▸ WHAT YOU WILL DO
Up to and including the line bearing "Коктейль молочный Чудо", output every line of the entries exactly as written, starting from the first; pictures stay out.

-=-=-

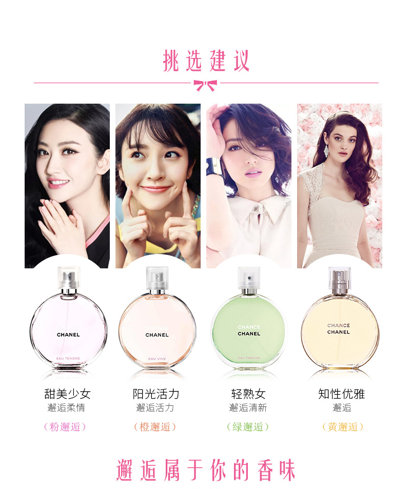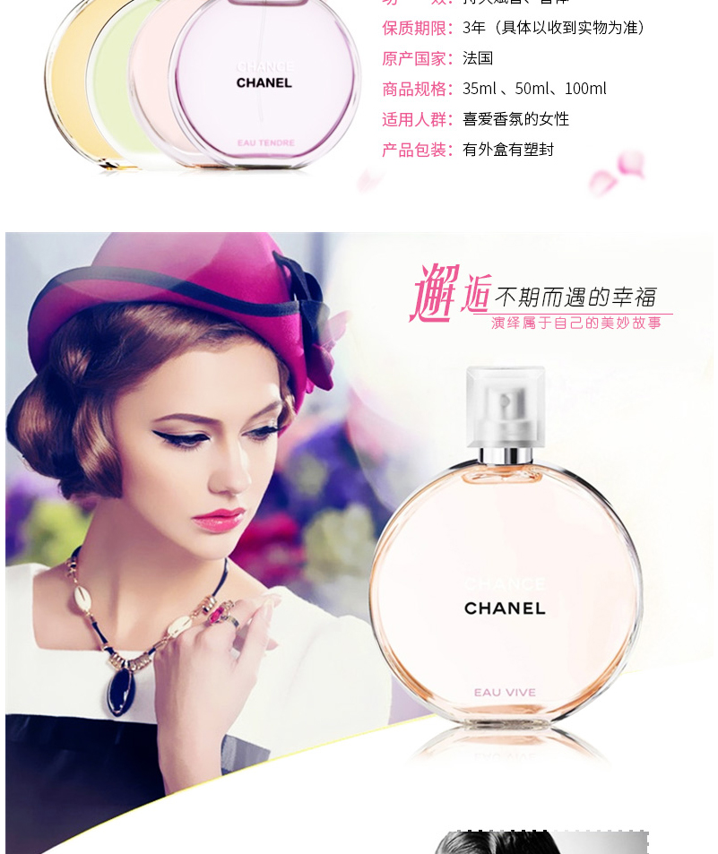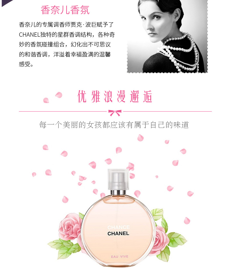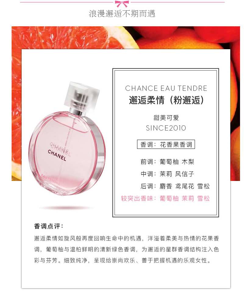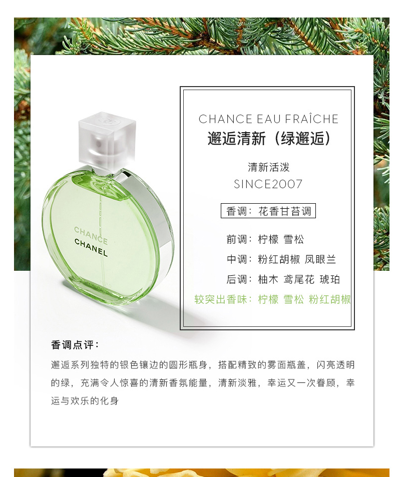 规格50ml。香奈儿邂逅香水以清新花香为主调,充分表现时代女性充满活力及勇敢果断的一面。圆形瓶身的香水。圆,象征着命运之轮,引领我们进入那旋转不息的世界。
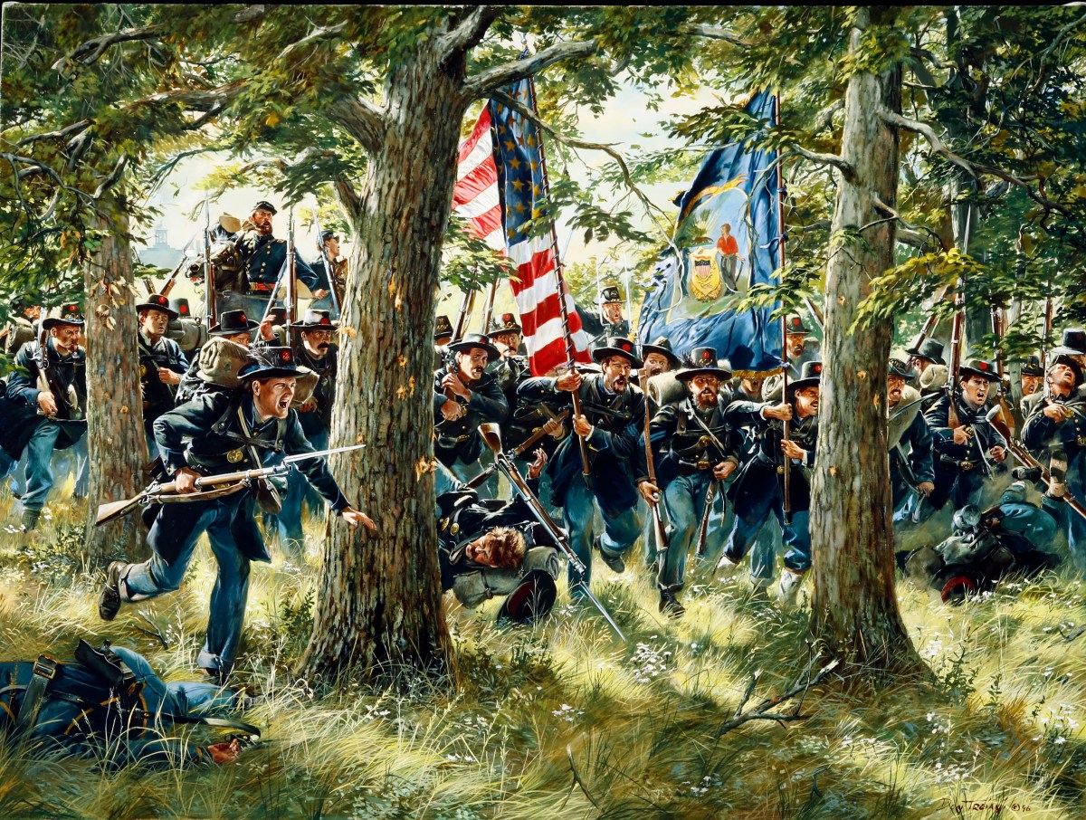 The 2nd entered the Battle of Gettysburg on July 1 with 28 officers and 274 enlisted men. As the regiment’s men entered the Herbst Woods, they encountered 1st Corps commander Maj. Gen. John Reynolds, who told them to “drive these fellows out of the woods.” As the Badger State soldiers entered the woods, an initial volley from the Rebels delivered at close range knocked an estimated 100 men out of the ranks. Some sources claim that the same volley killed Reynolds. As the other Iron Brigade regiments rushed into Herbst Woods to support the 2nd, the opposing Confederates of Brig. Gen. James J. Archer’s Brigade broke to the rear. Major John Mansfield, now commanding the 2nd, ordered the regiment to pursue the Confederates at the double-quick. After crossing Willoughby’s Run and capturing General Archer and dozens of other prisoners, the Iron Brigade withdrew to the Herbst Woods.
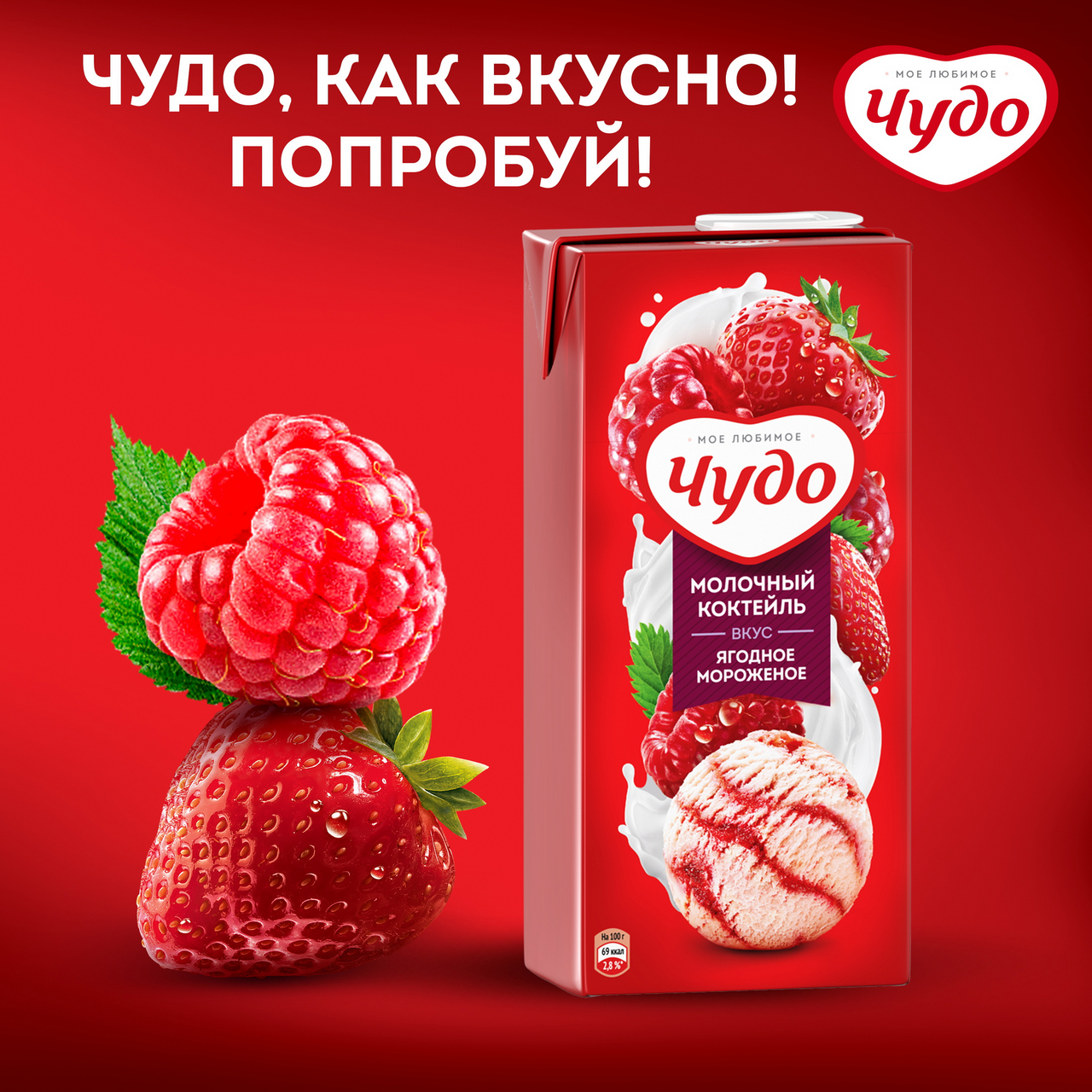 Коктейль молочный Чудо ягодное мороженое 2%, 960г
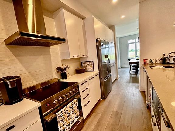 Ottawa, Viscount Alexander Park. Welcome to this spacious and beautifully maintained 2-bedroom, 2.5-bathroom executive Townhouse. Available August 1st. Owners plan to return to the property on August 1st, 2026 Ideal for families or professionals, this home for rent offers comfort, functionality, and stylish finishes throughout. The main floor features rich hardwood flooring, a convenient foyer with lots of cupboard space, and a bright open-concept living/dining area. The eat-in kitchen is a chef's delight with ample countertops, a large breakfast island with double sinks and stainless steel appliances (fridge, stove, dishwasher, microwave). Upstairs, the spacious primary bedroom includes a walk-in closet and a luxurious ensuite with a stand-alone shower. The second bedroom is generously sized. A second-floor laundry room adds everyday convenience. The finished lower level offers ample space for a family room, office, or recreation area. The basement offers tiled flooring. Hot water tank rental is extra @ $65/month. Step outside to a fully fenced backyardperfect for relaxing or entertaining. Additional features are Central Air and Double Car Garage. Quick access to HWY, transit, schools, and shopping.
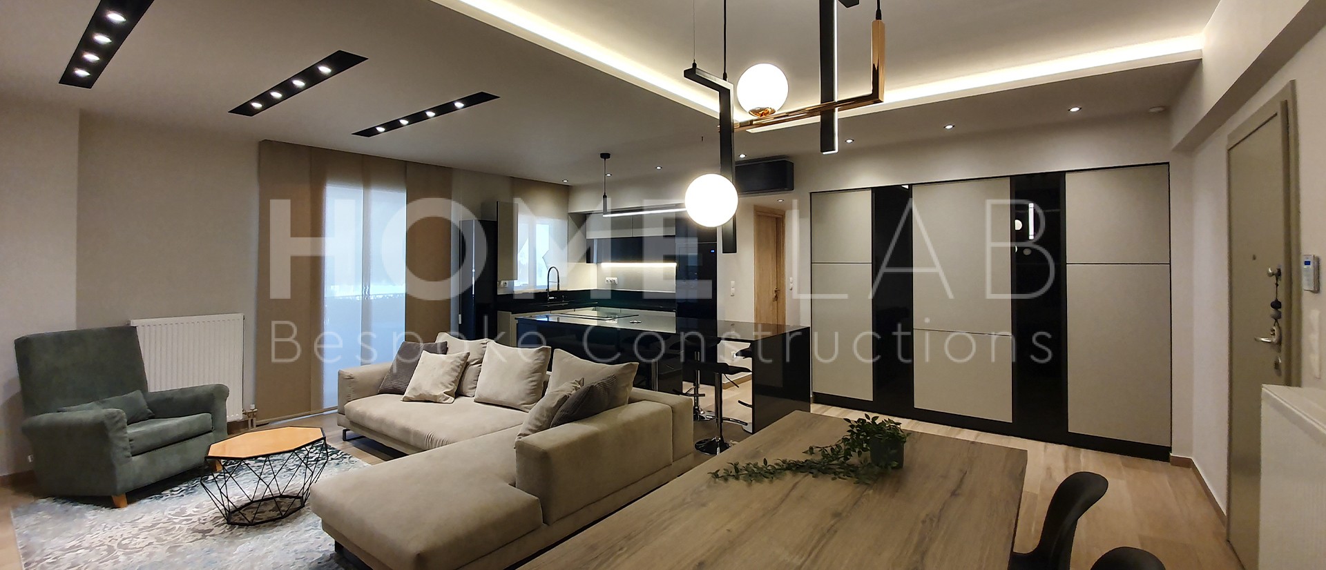 τζάκι βιοαιθανόλης, την τηλεόραση και τον μπουφέ της τραπεζαρίας.
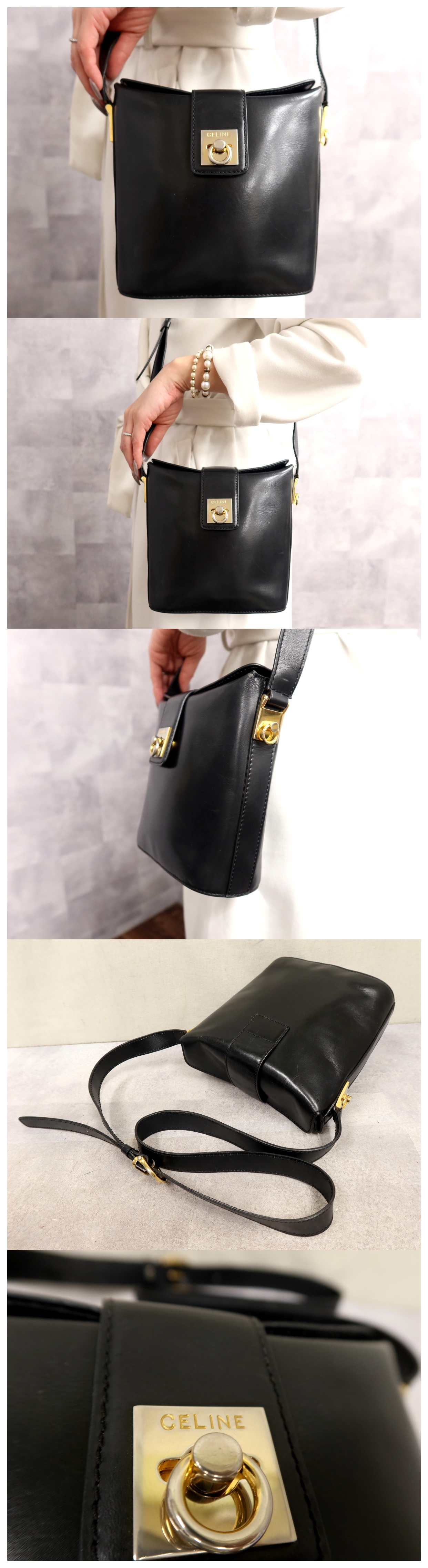 ●超美品●CELINE セリーヌ●ガンチーニ●カーフ レザー 本革●ショルダー バッグ●黒●ゴールド金具●ヴィンテージ●肩掛け●Js64666 收藏
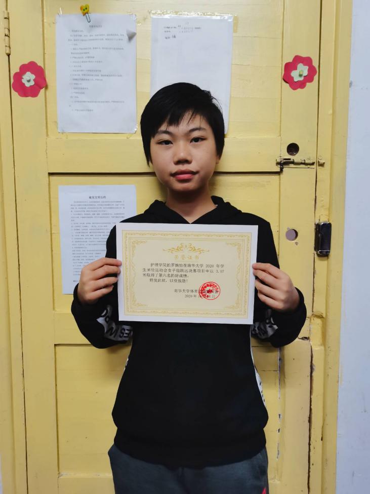 2020年10月16日下午,南华大学2020年学生田径运动会在北校田径场火热举行。护理学院运动员罗婉怡在女子跳远比赛中脱颖而出,以3.57米的优异成绩取得了比赛的第六名。
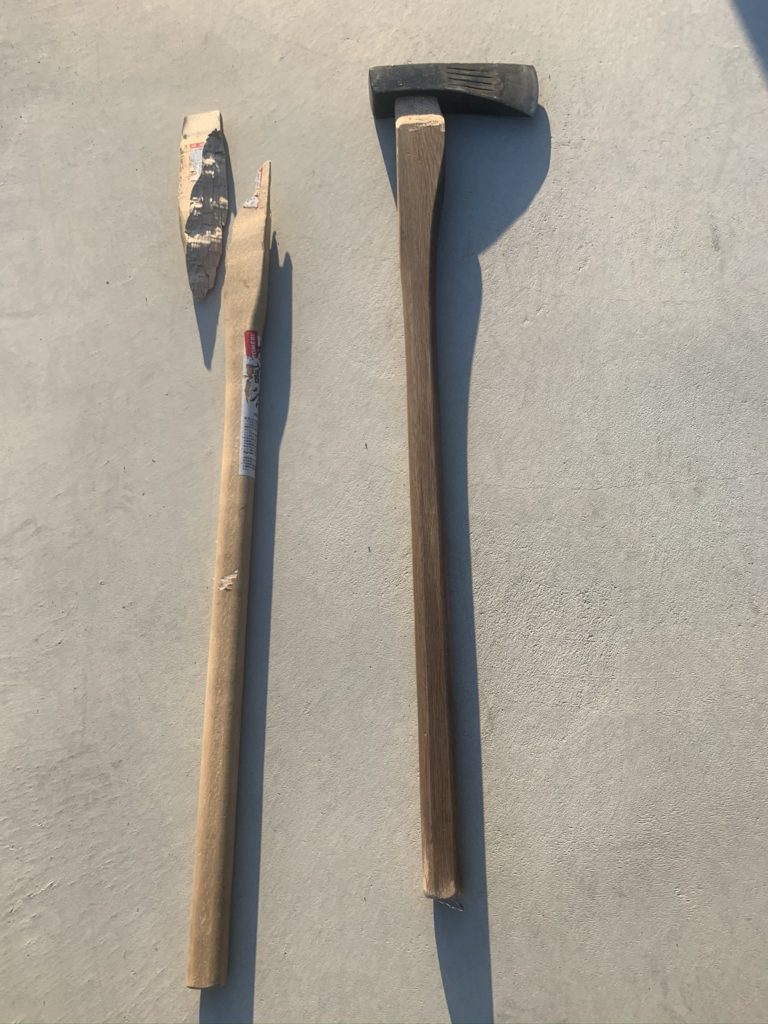 ホームセンターで売っている斧です。大きい丸太は中々割れません。
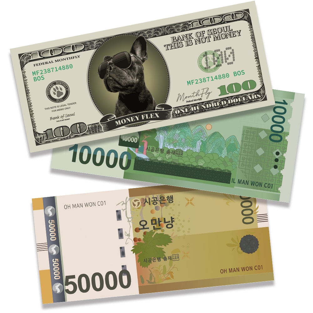 페이크머니 가짜 종이 돈 지폐 장난감 화폐 떡메모지 3종 (80매)
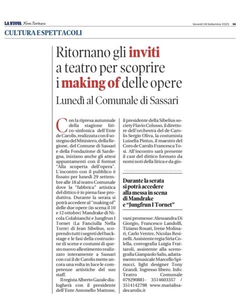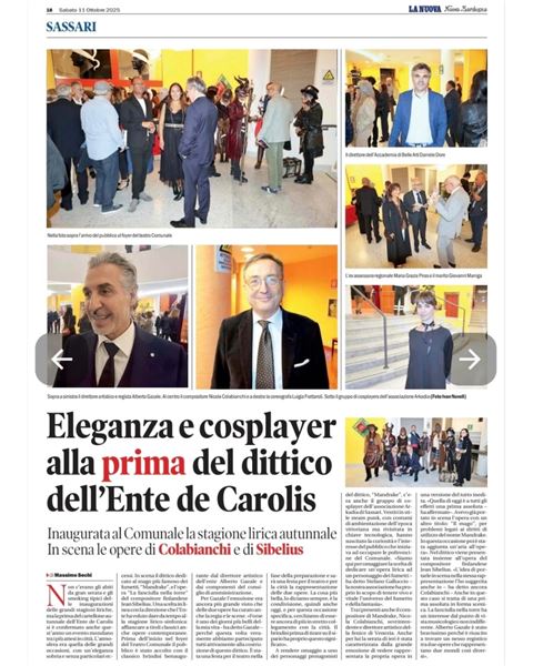 Con la ripresa autunnale della stagione lirico-sinfonica dell'Ente de Carolis, realizzata con il sostegno del Ministero, della Regione, del Comune di Sassari e della Fondazione di Sardegna,...

-=-=-

▸ SOLUTION TO THE EXERCISE
 规格50ml。香奈儿邂逅香水以清新花香为主调,充分表现时代女性充满活力及勇敢果断的一面。圆形瓶身的香水。圆,象征着命运之轮,引领我们进入那旋转不息的世界。
 The 2nd entered the Battle of Gettysburg on July 1 with 28 officers and 274 enlisted men. As the regiment’s men entered the Herbst Woods, they encountered 1st Corps commander Maj. Gen. John Reynolds, who told them to “drive these fellows out of the woods.” As the Badger State soldiers entered the woods, an initial volley from the Rebels delivered at close range knocked an estimated 100 men out of the ranks. Some sources claim that the same volley killed Reynolds. As the other Iron Brigade regiments rushed into Herbst Woods to support the 2nd, the opposing Confederates of Brig. Gen. James J. Archer’s Brigade broke to the rear. Major John Mansfield, now commanding the 2nd, ordered the regiment to pursue the Confederates at the double-quick. After crossing Willoughby’s Run and capturing General Archer and dozens of other prisoners, the Iron Brigade withdrew to the Herbst Woods.
 Коктейль молочный Чудо ягодное мороженое 2%, 960г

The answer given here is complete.